三月に観た映画 その2
昔一度観ただけなので記憶が飛んでいたが、クライドの兄の妻役が秀逸だった。牧師の娘だったというのも象徴的だし、外見はいかにも厳格に育てられた風の真面目そうなダサ子ちゃんなのに、他の誰より卑怯で金に汚く自己チュー、ってところが何とも。いるよなあこういう人。
「冷血」ってどっちのことやねん、というのがテーマだと思われる。画面はとにかく構図や色や配置にこだわりまくっていて大変美しく見ごたえあり。セリフは最小限に抑え、無駄なシーン一切なし。アカデミー賞にノミネートされたのも納得いく。この超絶センスは兄貴系、なのかもしれないと監督及び「友人」つながりのスタッフを見つつ思う。
しかし「ノンフィクションノベル」というのは今もあるジャンルだけど、かなり心身ともにキツイみたいだ。特にトルーマンのように自分で取材する場合は。「冷血」のあと書けなくなったというのも頷ける。
山口光市の母子殺人、遺族の本村さんの言葉。

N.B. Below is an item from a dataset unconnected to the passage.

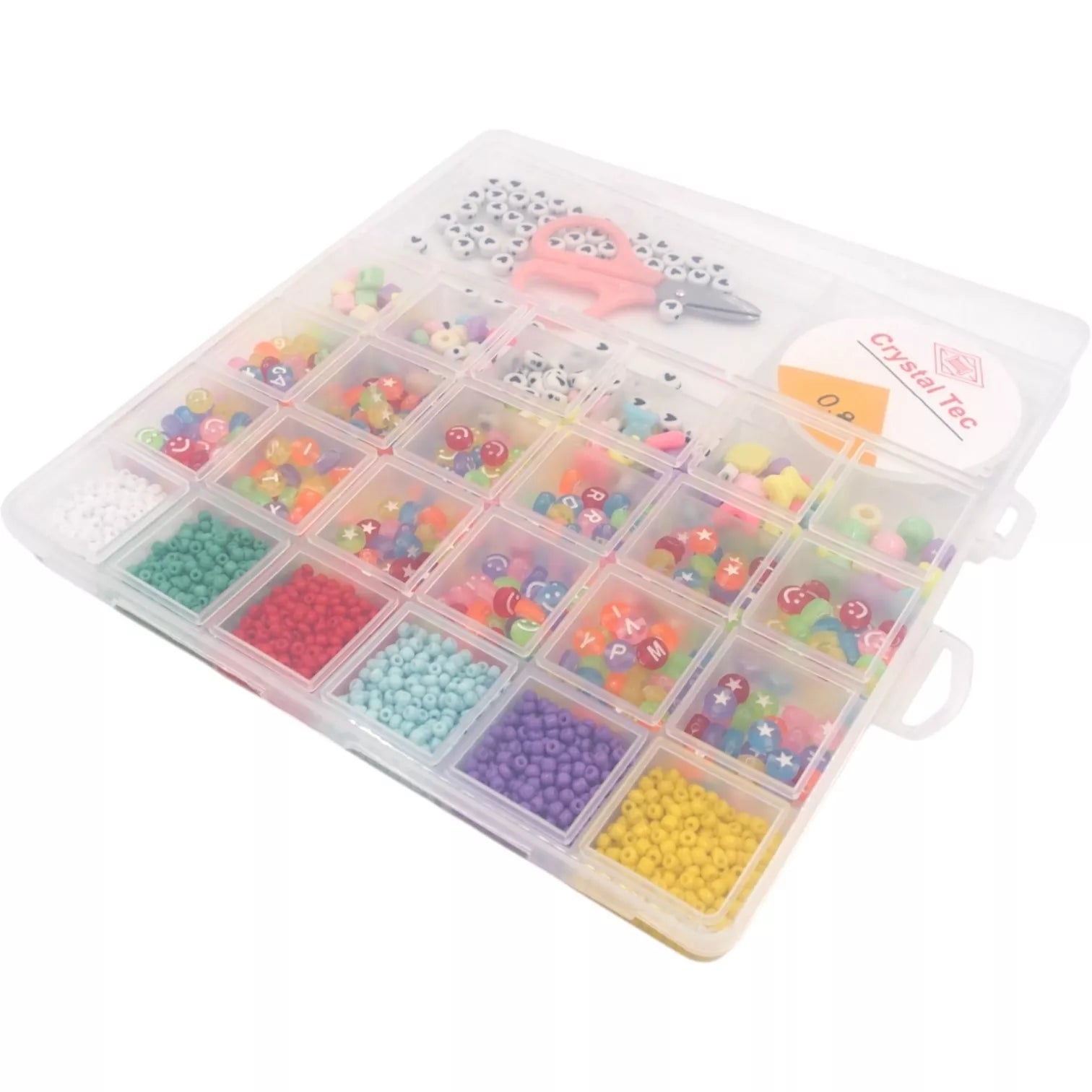 Didelis spalvotų karoliukų rinkinys, skirtas apyrankių, vėrinių ir kitų rankdarbių kūrimui. Įvairių formų bei spalvų karoliukai leidžia derinti skirtingus stilius ir sukurti originalius aksesuarus. Rinkinys papildytas elastine virve ir žirklutėmis, todėl galima iš karto pradėti kurti.

「(マスコミは)何故殺したのか、その背景ばかりを気にしているが、そんなことはどうでもいいことで、『どうしたら人を殺さないようにできるか』を考えるべきだと思う」
フィクションが事実に追いつけないと言われて久しいが、フィクションに出来ることはまだありそうな気がする。今のところ気がする、だけだが。